(Exercise materials begins)

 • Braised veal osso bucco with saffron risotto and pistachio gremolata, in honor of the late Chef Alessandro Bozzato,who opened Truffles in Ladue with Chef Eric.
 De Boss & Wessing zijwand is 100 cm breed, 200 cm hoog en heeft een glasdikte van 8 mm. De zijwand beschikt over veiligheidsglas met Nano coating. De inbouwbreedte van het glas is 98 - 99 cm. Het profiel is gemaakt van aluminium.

(Exercise materials ends)
(Exercise materials begins)

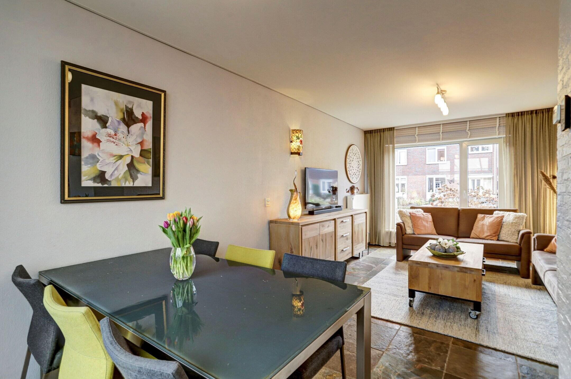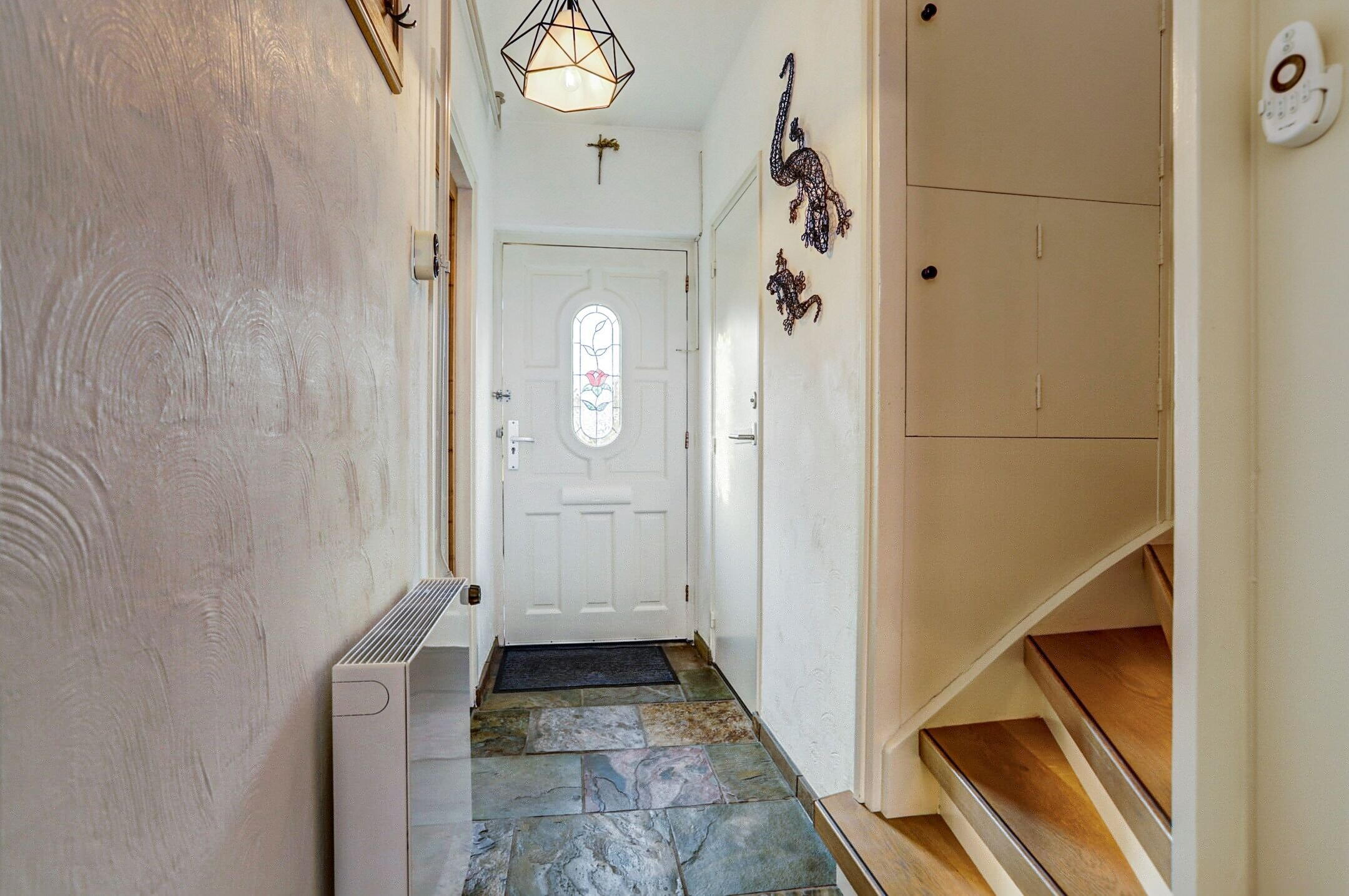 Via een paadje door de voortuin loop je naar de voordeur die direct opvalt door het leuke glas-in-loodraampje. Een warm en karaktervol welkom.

(Exercise materials ends)

◆ What you need to do ◆
Beginning with the line that has "with Chef Eric." and ending with the line that has "De Boss & Wessing", set down the lines above exactly and include no others.

◆ Answer ◆
 • Braised veal osso bucco with saffron risotto and pistachio gremolata, in honor of the late Chef Alessandro Bozzato,who opened Truffles in Ladue with Chef Eric.
 De Boss & Wessing zijwand is 100 cm breed, 200 cm hoog en heeft een glasdikte van 8 mm. De zijwand beschikt over veiligheidsglas met Nano coating. De inbouwbreedte van het glas is 98 - 99 cm. Het profiel is gemaakt van aluminium.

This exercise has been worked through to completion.